[Task to carry out]
The records below must be returned in full and unaltered.
Top of Data in this exercise
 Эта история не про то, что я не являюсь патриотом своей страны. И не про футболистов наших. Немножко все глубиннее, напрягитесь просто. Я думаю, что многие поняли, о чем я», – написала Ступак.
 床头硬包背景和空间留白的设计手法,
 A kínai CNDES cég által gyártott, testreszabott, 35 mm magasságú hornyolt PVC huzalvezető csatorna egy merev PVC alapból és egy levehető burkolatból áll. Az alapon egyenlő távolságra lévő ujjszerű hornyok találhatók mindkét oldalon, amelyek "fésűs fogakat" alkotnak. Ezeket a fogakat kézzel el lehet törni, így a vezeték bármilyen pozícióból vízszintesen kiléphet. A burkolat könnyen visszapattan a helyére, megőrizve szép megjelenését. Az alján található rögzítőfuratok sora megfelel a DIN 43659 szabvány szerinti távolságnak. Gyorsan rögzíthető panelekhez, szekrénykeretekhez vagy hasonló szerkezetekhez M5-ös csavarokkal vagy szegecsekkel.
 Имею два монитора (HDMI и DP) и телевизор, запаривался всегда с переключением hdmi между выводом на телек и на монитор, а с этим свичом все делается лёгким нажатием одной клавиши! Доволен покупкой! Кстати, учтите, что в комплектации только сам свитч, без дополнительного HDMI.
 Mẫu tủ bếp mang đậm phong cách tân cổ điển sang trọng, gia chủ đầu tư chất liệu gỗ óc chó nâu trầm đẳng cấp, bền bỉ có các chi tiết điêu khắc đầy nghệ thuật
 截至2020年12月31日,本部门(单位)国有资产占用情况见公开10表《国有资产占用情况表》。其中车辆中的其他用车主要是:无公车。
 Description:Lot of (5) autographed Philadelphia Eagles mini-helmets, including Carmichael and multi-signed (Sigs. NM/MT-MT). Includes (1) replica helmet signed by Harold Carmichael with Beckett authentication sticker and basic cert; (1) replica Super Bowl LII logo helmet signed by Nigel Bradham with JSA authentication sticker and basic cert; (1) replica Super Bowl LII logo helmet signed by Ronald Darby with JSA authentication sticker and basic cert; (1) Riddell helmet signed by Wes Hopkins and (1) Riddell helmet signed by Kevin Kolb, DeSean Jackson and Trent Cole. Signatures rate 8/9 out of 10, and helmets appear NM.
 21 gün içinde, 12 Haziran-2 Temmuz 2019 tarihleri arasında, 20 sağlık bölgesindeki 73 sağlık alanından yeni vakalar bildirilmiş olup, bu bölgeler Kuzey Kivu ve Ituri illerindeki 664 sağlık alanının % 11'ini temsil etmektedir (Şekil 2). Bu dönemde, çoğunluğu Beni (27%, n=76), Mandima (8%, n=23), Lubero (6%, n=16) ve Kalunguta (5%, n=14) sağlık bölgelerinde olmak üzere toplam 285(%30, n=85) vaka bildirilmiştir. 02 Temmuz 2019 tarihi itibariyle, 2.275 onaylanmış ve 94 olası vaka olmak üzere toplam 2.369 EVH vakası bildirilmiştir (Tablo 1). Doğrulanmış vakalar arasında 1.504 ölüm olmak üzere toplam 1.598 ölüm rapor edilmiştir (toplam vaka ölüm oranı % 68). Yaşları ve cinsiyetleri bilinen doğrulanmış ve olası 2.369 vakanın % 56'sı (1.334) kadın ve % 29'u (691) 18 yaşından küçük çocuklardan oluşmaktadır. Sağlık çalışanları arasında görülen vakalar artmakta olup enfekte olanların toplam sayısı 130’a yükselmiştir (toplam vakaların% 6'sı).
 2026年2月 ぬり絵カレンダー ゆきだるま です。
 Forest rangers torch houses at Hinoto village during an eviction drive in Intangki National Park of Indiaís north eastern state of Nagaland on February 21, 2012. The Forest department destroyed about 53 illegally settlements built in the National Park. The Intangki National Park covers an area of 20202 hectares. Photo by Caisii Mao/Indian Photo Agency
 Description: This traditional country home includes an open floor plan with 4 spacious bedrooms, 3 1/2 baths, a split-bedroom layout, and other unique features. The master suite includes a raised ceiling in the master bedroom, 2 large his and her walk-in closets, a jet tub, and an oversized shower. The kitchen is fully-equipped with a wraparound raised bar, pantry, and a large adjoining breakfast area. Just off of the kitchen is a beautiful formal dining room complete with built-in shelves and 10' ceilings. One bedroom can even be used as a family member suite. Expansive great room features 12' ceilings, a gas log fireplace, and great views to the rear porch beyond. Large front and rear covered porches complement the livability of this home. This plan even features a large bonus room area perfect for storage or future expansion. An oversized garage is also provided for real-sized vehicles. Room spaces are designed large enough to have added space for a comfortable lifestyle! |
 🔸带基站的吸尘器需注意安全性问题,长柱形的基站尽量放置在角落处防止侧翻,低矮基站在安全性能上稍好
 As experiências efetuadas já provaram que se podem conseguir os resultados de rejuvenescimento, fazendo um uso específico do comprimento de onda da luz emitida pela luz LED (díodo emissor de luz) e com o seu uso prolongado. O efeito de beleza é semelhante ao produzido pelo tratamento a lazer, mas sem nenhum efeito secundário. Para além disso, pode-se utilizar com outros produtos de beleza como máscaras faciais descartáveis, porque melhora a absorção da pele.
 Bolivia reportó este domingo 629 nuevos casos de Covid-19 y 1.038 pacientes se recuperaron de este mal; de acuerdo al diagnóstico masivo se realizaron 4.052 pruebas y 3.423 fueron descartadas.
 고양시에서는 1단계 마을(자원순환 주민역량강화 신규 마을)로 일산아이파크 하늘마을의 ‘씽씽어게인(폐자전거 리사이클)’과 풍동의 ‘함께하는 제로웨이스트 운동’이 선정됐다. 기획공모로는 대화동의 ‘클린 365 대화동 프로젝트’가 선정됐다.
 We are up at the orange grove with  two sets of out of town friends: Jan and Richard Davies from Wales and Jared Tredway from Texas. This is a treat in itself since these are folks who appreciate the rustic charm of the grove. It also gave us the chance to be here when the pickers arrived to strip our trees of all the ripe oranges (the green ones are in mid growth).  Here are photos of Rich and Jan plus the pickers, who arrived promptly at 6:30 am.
Bottom of Data in this exercise
[Output for this exercise]
 Эта история не про то, что я не являюсь патриотом своей страны. И не про футболистов наших. Немножко все глубиннее, напрягитесь просто. Я думаю, что многие поняли, о чем я», – написала Ступак.
 床头硬包背景和空间留白的设计手法,
 A kínai CNDES cég által gyártott, testreszabott, 35 mm magasságú hornyolt PVC huzalvezető csatorna egy merev PVC alapból és egy levehető burkolatból áll. Az alapon egyenlő távolságra lévő ujjszerű hornyok találhatók mindkét oldalon, amelyek "fésűs fogakat" alkotnak. Ezeket a fogakat kézzel el lehet törni, így a vezeték bármilyen pozícióból vízszintesen kiléphet. A burkolat könnyen visszapattan a helyére, megőrizve szép megjelenését. Az alján található rögzítőfuratok sora megfelel a DIN 43659 szabvány szerinti távolságnak. Gyorsan rögzíthető panelekhez, szekrénykeretekhez vagy hasonló szerkezetekhez M5-ös csavarokkal vagy szegecsekkel.
 Имею два монитора (HDMI и DP) и телевизор, запаривался всегда с переключением hdmi между выводом на телек и на монитор, а с этим свичом все делается лёгким нажатием одной клавиши! Доволен покупкой! Кстати, учтите, что в комплектации только сам свитч, без дополнительного HDMI.
 Mẫu tủ bếp mang đậm phong cách tân cổ điển sang trọng, gia chủ đầu tư chất liệu gỗ óc chó nâu trầm đẳng cấp, bền bỉ có các chi tiết điêu khắc đầy nghệ thuật
 截至2020年12月31日,本部门(单位)国有资产占用情况见公开10表《国有资产占用情况表》。其中车辆中的其他用车主要是:无公车。
 Description:Lot of (5) autographed Philadelphia Eagles mini-helmets, including Carmichael and multi-signed (Sigs. NM/MT-MT). Includes (1) replica helmet signed by Harold Carmichael with Beckett authentication sticker and basic cert; (1) replica Super Bowl LII logo helmet signed by Nigel Bradham with JSA authentication sticker and basic cert; (1) replica Super Bowl LII logo helmet signed by Ronald Darby with JSA authentication sticker and basic cert; (1) Riddell helmet signed by Wes Hopkins and (1) Riddell helmet signed by Kevin Kolb, DeSean Jackson and Trent Cole. Signatures rate 8/9 out of 10, and helmets appear NM.
 21 gün içinde, 12 Haziran-2 Temmuz 2019 tarihleri arasında, 20 sağlık bölgesindeki 73 sağlık alanından yeni vakalar bildirilmiş olup, bu bölgeler Kuzey Kivu ve Ituri illerindeki 664 sağlık alanının % 11'ini temsil etmektedir (Şekil 2). Bu dönemde, çoğunluğu Beni (27%, n=76), Mandima (8%, n=23), Lubero (6%, n=16) ve Kalunguta (5%, n=14) sağlık bölgelerinde olmak üzere toplam 285(%30, n=85) vaka bildirilmiştir. 02 Temmuz 2019 tarihi itibariyle, 2.275 onaylanmış ve 94 olası vaka olmak üzere toplam 2.369 EVH vakası bildirilmiştir (Tablo 1). Doğrulanmış vakalar arasında 1.504 ölüm olmak üzere toplam 1.598 ölüm rapor edilmiştir (toplam vaka ölüm oranı % 68). Yaşları ve cinsiyetleri bilinen doğrulanmış ve olası 2.369 vakanın % 56'sı (1.334) kadın ve % 29'u (691) 18 yaşından küçük çocuklardan oluşmaktadır. Sağlık çalışanları arasında görülen vakalar artmakta olup enfekte olanların toplam sayısı 130’a yükselmiştir (toplam vakaların% 6'sı).
 2026年2月 ぬり絵カレンダー ゆきだるま です。
 Forest rangers torch houses at Hinoto village during an eviction drive in Intangki National Park of Indiaís north eastern state of Nagaland on February 21, 2012. The Forest department destroyed about 53 illegally settlements built in the National Park. The Intangki National Park covers an area of 20202 hectares. Photo by Caisii Mao/Indian Photo Agency
 Description: This traditional country home includes an open floor plan with 4 spacious bedrooms, 3 1/2 baths, a split-bedroom layout, and other unique features. The master suite includes a raised ceiling in the master bedroom, 2 large his and her walk-in closets, a jet tub, and an oversized shower. The kitchen is fully-equipped with a wraparound raised bar, pantry, and a large adjoining breakfast area. Just off of the kitchen is a beautiful formal dining room complete with built-in shelves and 10' ceilings. One bedroom can even be used as a family member suite. Expansive great room features 12' ceilings, a gas log fireplace, and great views to the rear porch beyond. Large front and rear covered porches complement the livability of this home. This plan even features a large bonus room area perfect for storage or future expansion. An oversized garage is also provided for real-sized vehicles. Room spaces are designed large enough to have added space for a comfortable lifestyle! |
 🔸带基站的吸尘器需注意安全性问题,长柱形的基站尽量放置在角落处防止侧翻,低矮基站在安全性能上稍好
 As experiências efetuadas já provaram que se podem conseguir os resultados de rejuvenescimento, fazendo um uso específico do comprimento de onda da luz emitida pela luz LED (díodo emissor de luz) e com o seu uso prolongado. O efeito de beleza é semelhante ao produzido pelo tratamento a lazer, mas sem nenhum efeito secundário. Para além disso, pode-se utilizar com outros produtos de beleza como máscaras faciais descartáveis, porque melhora a absorção da pele.
 Bolivia reportó este domingo 629 nuevos casos de Covid-19 y 1.038 pacientes se recuperaron de este mal; de acuerdo al diagnóstico masivo se realizaron 4.052 pruebas y 3.423 fueron descartadas.
 고양시에서는 1단계 마을(자원순환 주민역량강화 신규 마을)로 일산아이파크 하늘마을의 ‘씽씽어게인(폐자전거 리사이클)’과 풍동의 ‘함께하는 제로웨이스트 운동’이 선정됐다. 기획공모로는 대화동의 ‘클린 365 대화동 프로젝트’가 선정됐다.
 We are up at the orange grove with  two sets of out of town friends: Jan and Richard Davies from Wales and Jared Tredway from Texas. This is a treat in itself since these are folks who appreciate the rustic charm of the grove. It also gave us the chance to be here when the pickers arrived to strip our trees of all the ripe oranges (the green ones are in mid growth).  Here are photos of Rich and Jan plus the pickers, who arrived promptly at 6:30 am.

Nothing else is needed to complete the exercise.